What to produce
Pictures in the listing do not belong in the copy, which should repeat exactly the lines from the one holding "随后,何枫教授结合自身经验,围绕选题、研" through the last line.

Data section
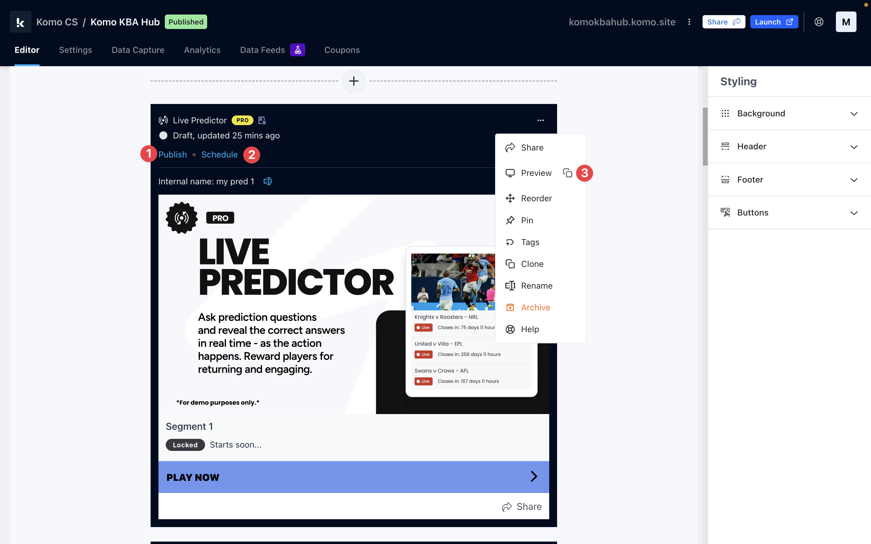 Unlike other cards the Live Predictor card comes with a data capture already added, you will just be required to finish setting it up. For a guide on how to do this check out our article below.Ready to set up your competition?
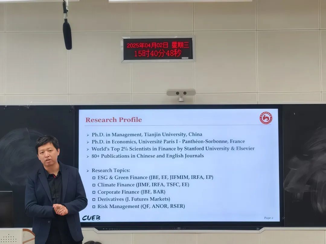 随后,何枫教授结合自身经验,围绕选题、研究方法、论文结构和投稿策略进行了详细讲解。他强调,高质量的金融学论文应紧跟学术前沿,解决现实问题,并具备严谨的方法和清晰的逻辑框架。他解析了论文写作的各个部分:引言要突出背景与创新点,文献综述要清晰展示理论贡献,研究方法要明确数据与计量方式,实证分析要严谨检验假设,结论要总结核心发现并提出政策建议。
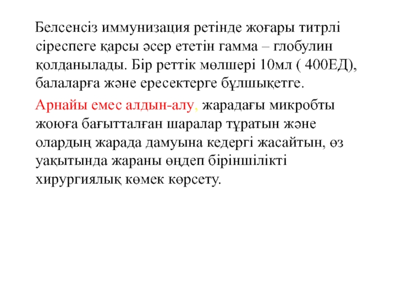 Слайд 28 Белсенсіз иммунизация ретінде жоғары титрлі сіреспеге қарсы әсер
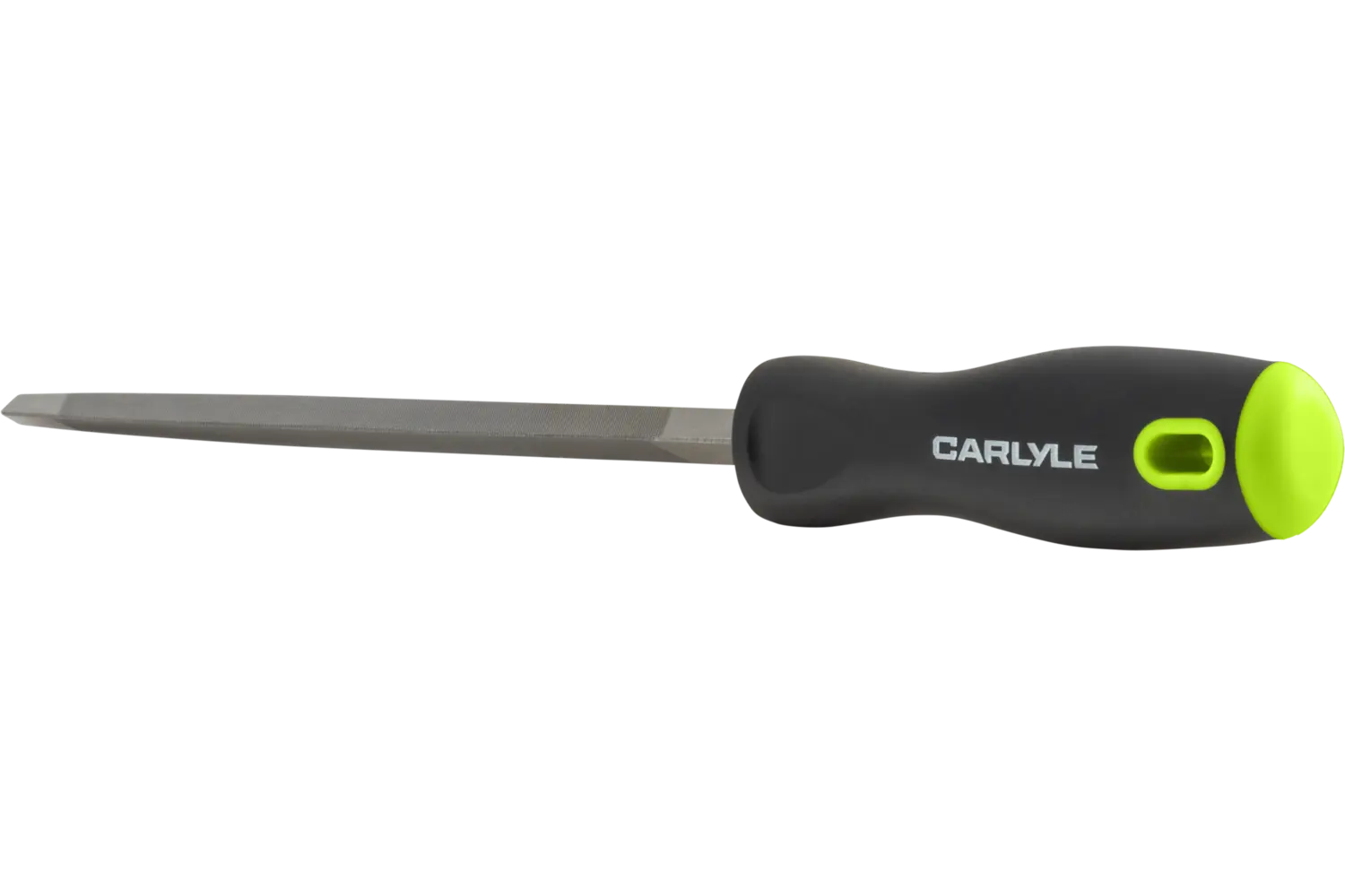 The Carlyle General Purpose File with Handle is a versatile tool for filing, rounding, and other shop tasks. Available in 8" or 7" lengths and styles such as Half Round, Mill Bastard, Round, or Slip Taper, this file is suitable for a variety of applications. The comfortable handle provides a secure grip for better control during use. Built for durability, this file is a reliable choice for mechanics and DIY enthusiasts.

Solution to this problem
 随后,何枫教授结合自身经验,围绕选题、研究方法、论文结构和投稿策略进行了详细讲解。他强调,高质量的金融学论文应紧跟学术前沿,解决现实问题,并具备严谨的方法和清晰的逻辑框架。他解析了论文写作的各个部分:引言要突出背景与创新点,文献综述要清晰展示理论贡献,研究方法要明确数据与计量方式,实证分析要严谨检验假设,结论要总结核心发现并提出政策建议。
 Слайд 28 Белсенсіз иммунизация ретінде жоғары титрлі сіреспеге қарсы әсер
 The Carlyle General Purpose File with Handle is a versatile tool for filing, rounding, and other shop tasks. Available in 8" or 7" lengths and styles such as Half Round, Mill Bastard, Round, or Slip Taper, this file is suitable for a variety of applications. The comfortable handle provides a secure grip for better control during use. Built for durability, this file is a reliable choice for mechanics and DIY enthusiasts.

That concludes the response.